It's the four year anniversary of your death. I miss you so much, I
can't even describe it.
I never got to meet you but you saved my life,
and I never got to thank you.
We have the same birthday. I am now
exactly the same age you were when you died.
You once told me that the iron in our blood can only
be found in dying stars, that we're being
kept alive by stardust. That really helped me. I'm getting a star
tattoo on my wrist for our birthday.
I wrote a "letter" to you for
English and my teacher said it was one of the best things
she had ever read. It was basically a watered-down version of this,
but God, I just have so much to say that I couldn't let a teacher read.
I don't know if I can say how much you meant to me, how much
you still mean to me. I'll never get to hug you, or thank you for pulling
me out of that dark place I was in during 9th grade, or say goodbye,
and nobody will ever know who they guy that hit you was,
or what he was thinking when he just drove away after hitting another person
with his car, or what your last words were.

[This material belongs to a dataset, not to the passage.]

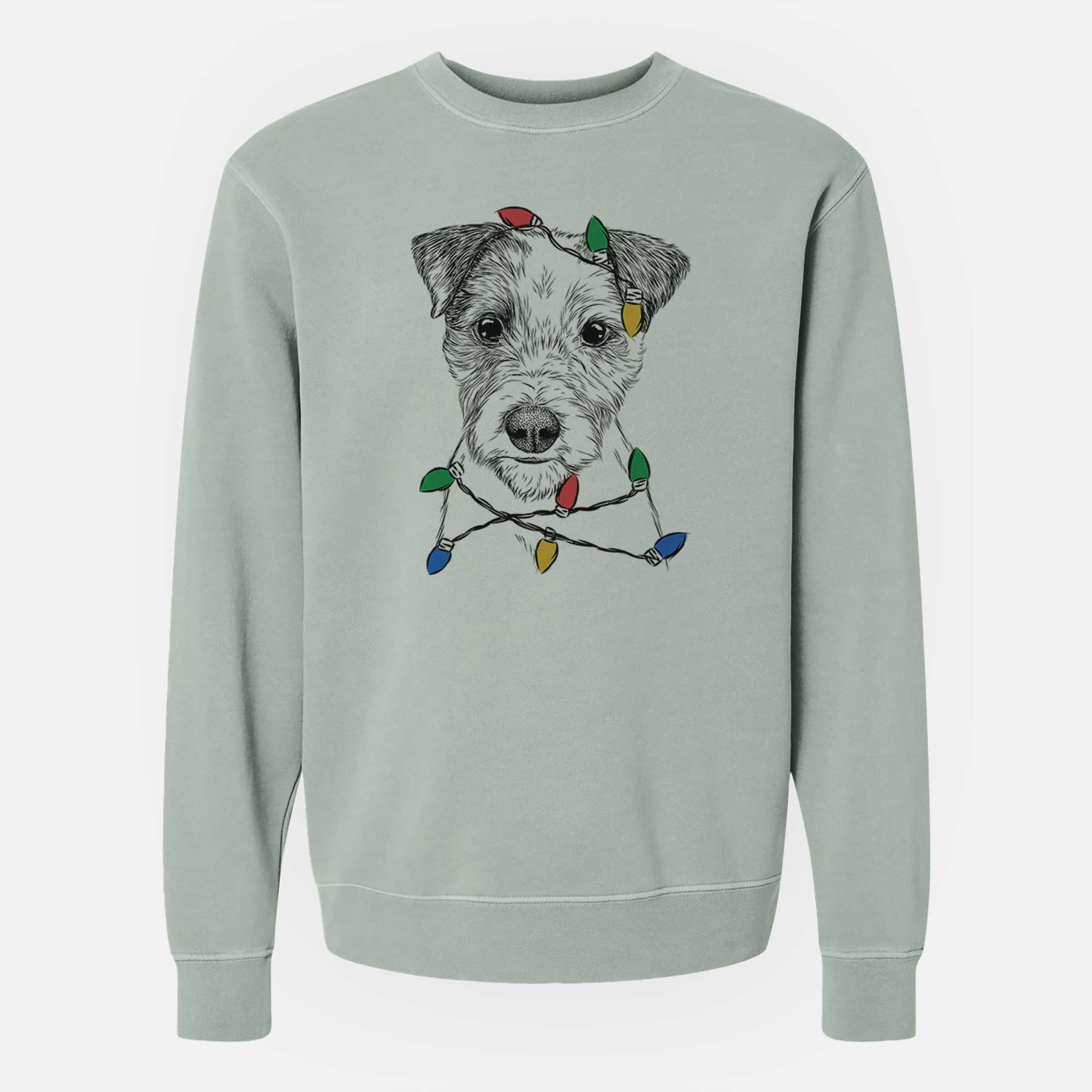 Christmas Lights Bogart the Parson Russell Terrier - Unisex Pigment Dyed Crew Sweatshirt

There are so many thibgs I wish we could have
done, and now none of that is possible. I'm really sorry it took me
this long to try to talk to you, but I honestly haven't been able to
even think about it.
I thought of the idea of writing to you a few
days ago, and to be honest, I'm not sue if this will work but even if
it doesn't, I'll be able to get all my feelings out, and if it does
work, then you'll know how much you impacted my life.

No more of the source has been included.